Polling indicates an expected wide partisan divide. Nearly three-quarters of Democrats questioned in the Quinnipiac survey said the approved of the law. That figure dropped to 38% for independent voters and down to just 8% for Republican voters.

"Republicans don't know how to quit Obamacare. Obamacare is at the core of Republicans' criticism of the President Obama, and until public opinion shows that Americans are wildly happy with it, I don't see Republicans giving up on repealing it anytime soon," says Nathan Gonzales, deputy editor of the non-partisan Rothenberg Political Report.

And 2014 politics is also behind this vote. All 435 House members are up for re-election next year.

"As Speaker Boehner said, I think this vote is about getting Members on the record for this Congress - Members that are new to Congress and haven't had a chance to vote on the health care bill one way or another. I don't think this vote is just about Republicans proving their conservative credentials, it's also about Democrats having to take a position on the issue after only making statements on the campaign trail before they were elected," adds Gonzales.

So what does the IRS controversy have to do with repealing the health care law?

The agency is a key player in implementing the Affordable Care Act. Starting next year the IRS is expected to distribute subsidies, through the planned state exchanges, for health care coverage, and the agency would penalize individuals who don't get insurance and small businesses that don't provide coverage.

GOP Sen. Dean Heller of Nevada said he'd introduce a bill this week to freeze any future heath care funding directed towards the IRS until Congress is given more oversight.

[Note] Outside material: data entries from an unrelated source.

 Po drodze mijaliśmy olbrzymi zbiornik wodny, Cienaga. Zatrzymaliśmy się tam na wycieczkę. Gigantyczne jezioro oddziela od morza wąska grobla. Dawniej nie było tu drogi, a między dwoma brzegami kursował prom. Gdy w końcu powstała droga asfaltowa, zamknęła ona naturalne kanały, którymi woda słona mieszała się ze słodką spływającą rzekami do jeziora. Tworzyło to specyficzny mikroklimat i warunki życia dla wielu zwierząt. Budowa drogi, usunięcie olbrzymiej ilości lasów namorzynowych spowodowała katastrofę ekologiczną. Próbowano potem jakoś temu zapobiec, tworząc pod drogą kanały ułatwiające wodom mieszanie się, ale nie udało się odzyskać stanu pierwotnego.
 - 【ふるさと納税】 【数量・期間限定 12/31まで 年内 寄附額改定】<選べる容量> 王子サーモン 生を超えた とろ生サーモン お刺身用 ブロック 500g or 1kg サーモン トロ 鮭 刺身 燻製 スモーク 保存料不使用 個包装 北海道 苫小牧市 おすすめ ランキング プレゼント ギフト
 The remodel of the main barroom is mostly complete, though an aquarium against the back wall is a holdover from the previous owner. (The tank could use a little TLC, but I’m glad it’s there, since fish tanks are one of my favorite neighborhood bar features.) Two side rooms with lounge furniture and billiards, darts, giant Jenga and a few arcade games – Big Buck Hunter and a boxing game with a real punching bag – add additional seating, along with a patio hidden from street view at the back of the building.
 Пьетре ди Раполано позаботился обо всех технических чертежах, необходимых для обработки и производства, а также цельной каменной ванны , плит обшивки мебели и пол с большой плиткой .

"With the recent events related to the Internal Revenue Service, I feel it is necessary that both Congress and the Department of Health and Human Services look closely at the money given to the IRS through the health care law," wrote Heller, in a letter to Health and Human Services Secretary Kathleen Sebelius.

Other Republican lawmakers are making similar arguments.

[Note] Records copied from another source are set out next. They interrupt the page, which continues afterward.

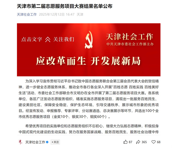 希望优秀项目的实施单位和志愿服务组织不忘初心,继续大力弘扬志愿精神,积极投身中国式现代化建设的生动实践,努力在服务国家战略、服务百姓民生、服务社会治理中传递真善美,传播正能量,擦亮志愿服务品牌,更好服务天津高质量发展。
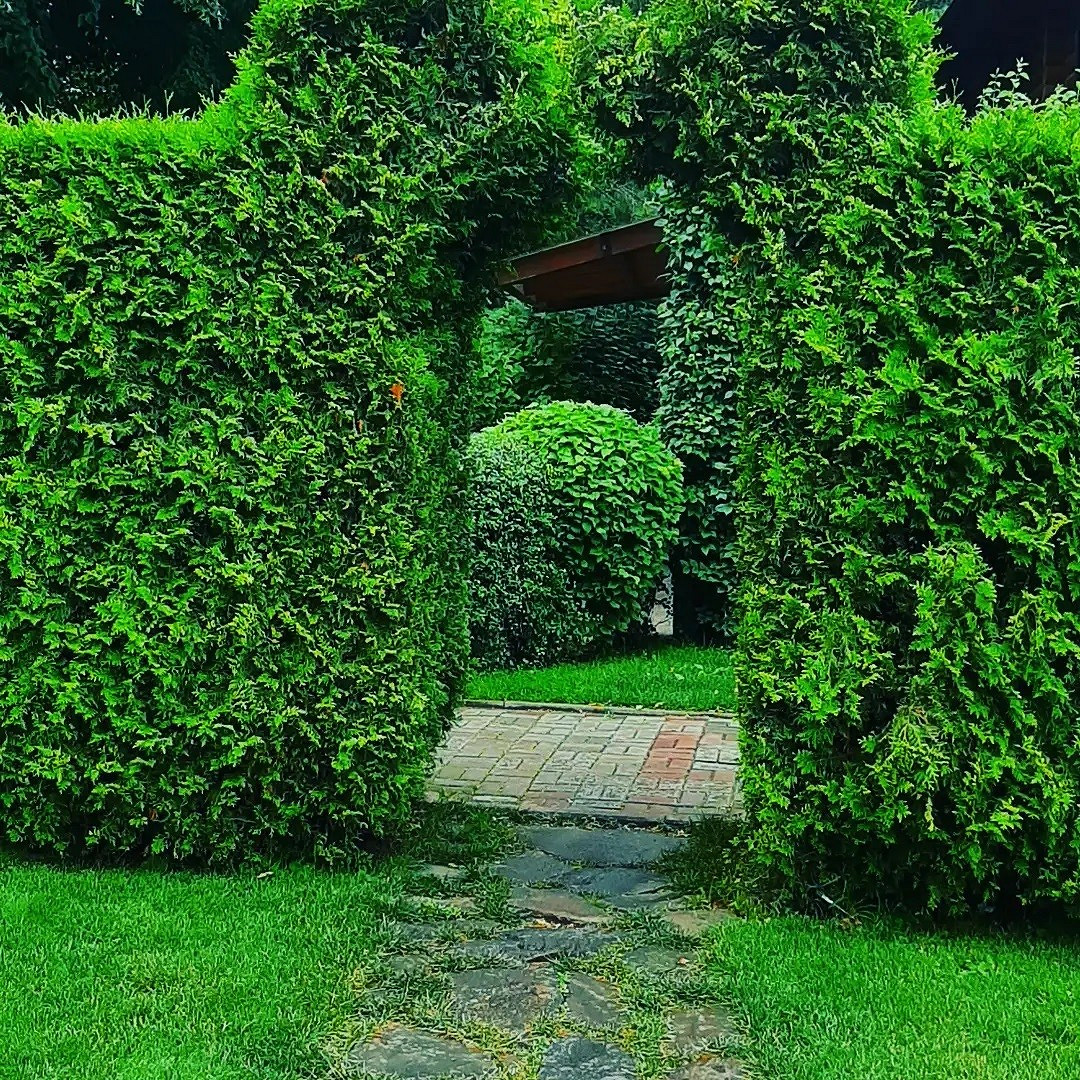 Изгородь можно сделать из самшита, можжевельника, тиса (осторожно, он ядовитый), сирени, гортензии. Из огородных культур подойдет кукуруза, но ее придется высаживать каждый год.
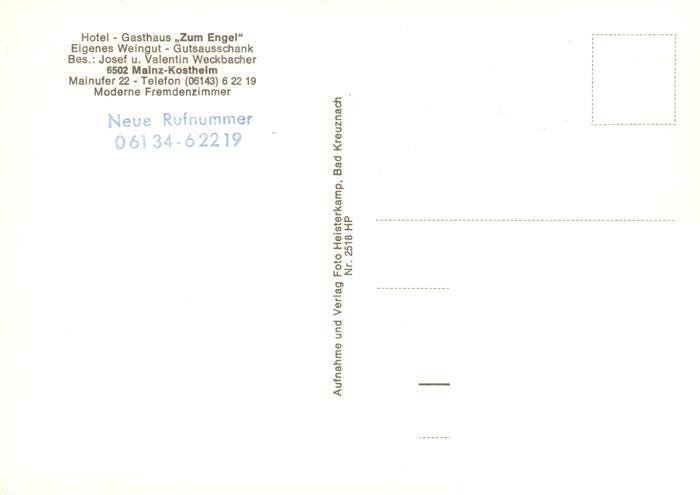 73883350 Kostheim Mainz Gasthaus Zum Engel Hotel Gastraeume postalisch nicht gelaufen Erhaltung siehe scans [FriedD77] KatCode: 11110006414000

"With the implementation of Obamacare at hand, and knowing it's the IRS - the Internal Revenue Service - who will be the enforcing mechanism for this new entitlement program of Obamacare, it is very important to ask - and now it is reasonable to ask - could there be potential political implications of access to healthcare, denial of healthcare. Will that happen based upon a person's political beliefs, or their religiously held beliefs?" asked Rep. Michele Bachmann, Thursday morning, at a tea party event on Capitol Hill concerning the IRS scandal.

"Those questions would have been considered out of bounds a week ago. Today these questions are considered more than reasonable, and more than fair for the American people," added Bachmann, a former GOP presidential candidate who's the head of the long dormant House Tea Party caucus.

The IRS scandal is taking an already combustible battle over health care and turning up the heat even higher.